(Assigned task) Beginning at the line containing "E217系 クラY-36編成長野へ 8月8日、E217系クラY-36編成が長野総合車両センターへ配給されました。", repeat each line below exactly up to and including the line containing "2) Wykresem funkcji". Do not repeat the pictures.

(Extracted records)
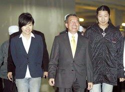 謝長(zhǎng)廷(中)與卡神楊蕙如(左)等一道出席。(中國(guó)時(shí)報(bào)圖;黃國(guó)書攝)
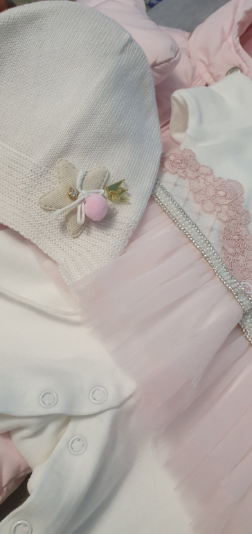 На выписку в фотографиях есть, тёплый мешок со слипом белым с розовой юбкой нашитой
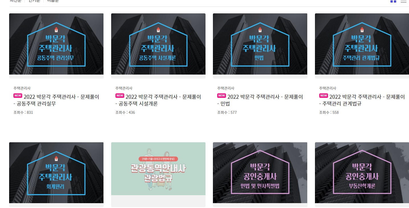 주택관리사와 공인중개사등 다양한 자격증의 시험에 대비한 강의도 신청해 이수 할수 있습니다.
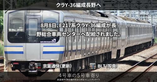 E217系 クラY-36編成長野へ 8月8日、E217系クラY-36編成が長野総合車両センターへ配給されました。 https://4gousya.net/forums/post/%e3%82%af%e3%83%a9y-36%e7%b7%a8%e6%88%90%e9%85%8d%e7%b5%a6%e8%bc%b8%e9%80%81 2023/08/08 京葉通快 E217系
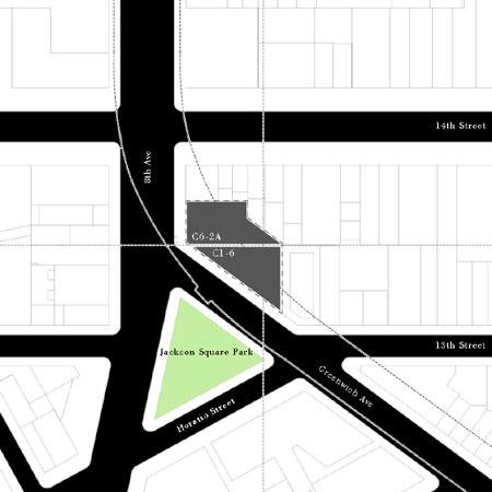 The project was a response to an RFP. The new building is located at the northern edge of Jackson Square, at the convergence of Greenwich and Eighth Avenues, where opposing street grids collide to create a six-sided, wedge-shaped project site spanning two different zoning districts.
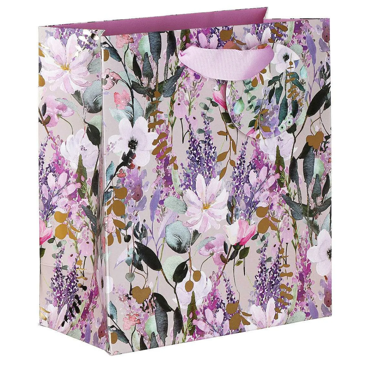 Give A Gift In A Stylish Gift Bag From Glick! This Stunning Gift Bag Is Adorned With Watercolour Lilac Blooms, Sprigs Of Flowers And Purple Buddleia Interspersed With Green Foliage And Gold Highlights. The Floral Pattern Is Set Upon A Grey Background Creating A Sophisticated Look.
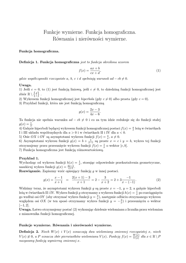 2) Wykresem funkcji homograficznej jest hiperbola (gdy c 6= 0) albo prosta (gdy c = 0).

---

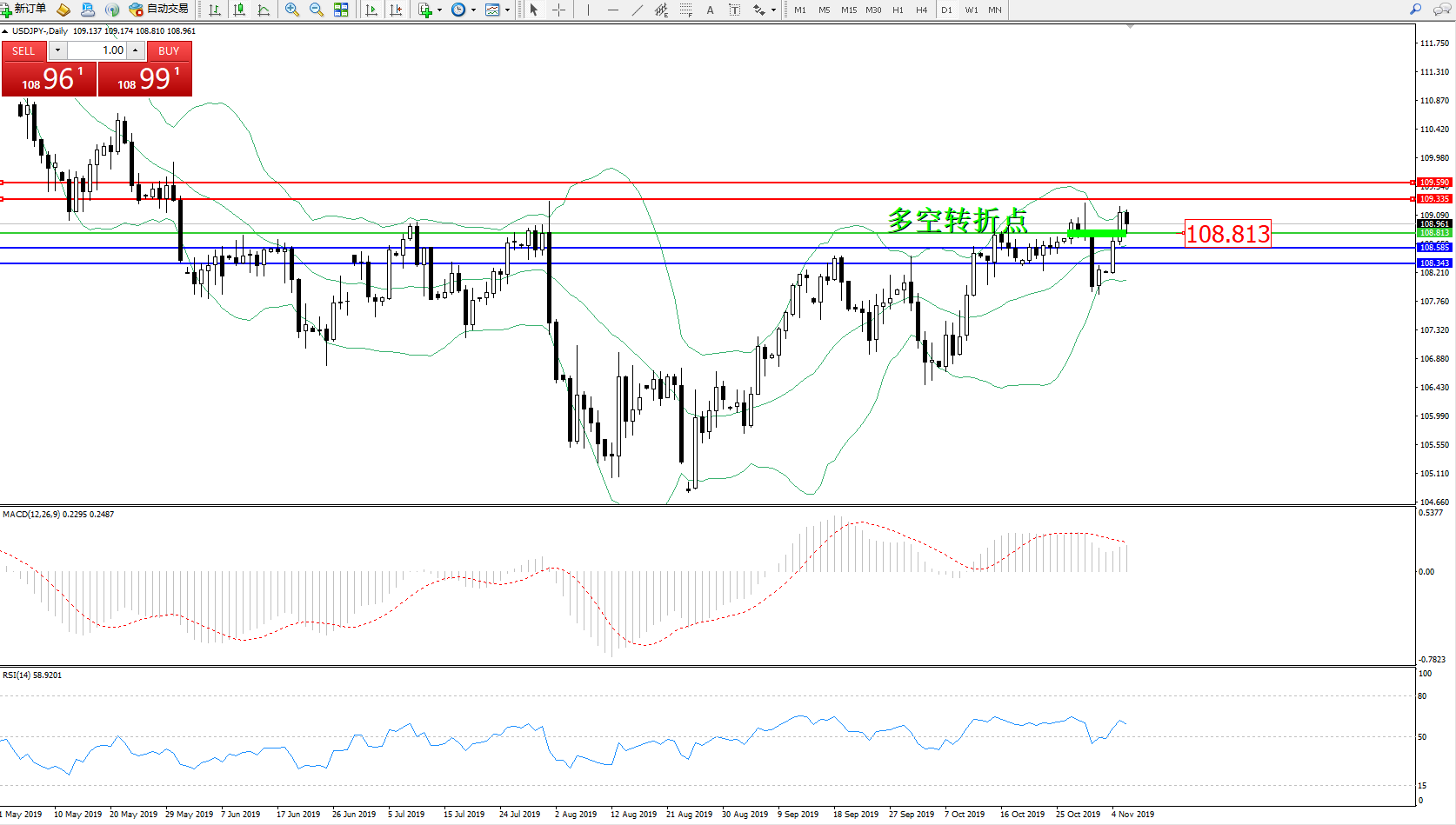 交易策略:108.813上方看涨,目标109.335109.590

(Response to the task)
 E217系 クラY-36編成長野へ 8月8日、E217系クラY-36編成が長野総合車両センターへ配給されました。 https://4gousya.net/forums/post/%e3%82%af%e3%83%a9y-36%e7%b7%a8%e6%88%90%e9%85%8d%e7%b5%a6%e8%bc%b8%e9%80%81 2023/08/08 京葉通快 E217系
 The project was a response to an RFP. The new building is located at the northern edge of Jackson Square, at the convergence of Greenwich and Eighth Avenues, where opposing street grids collide to create a six-sided, wedge-shaped project site spanning two different zoning districts.
 Give A Gift In A Stylish Gift Bag From Glick! This Stunning Gift Bag Is Adorned With Watercolour Lilac Blooms, Sprigs Of Flowers And Purple Buddleia Interspersed With Green Foliage And Gold Highlights. The Floral Pattern Is Set Upon A Grey Background Creating A Sophisticated Look.
 2) Wykresem funkcji homograficznej jest hiperbola (gdy c 6= 0) albo prosta (gdy c = 0).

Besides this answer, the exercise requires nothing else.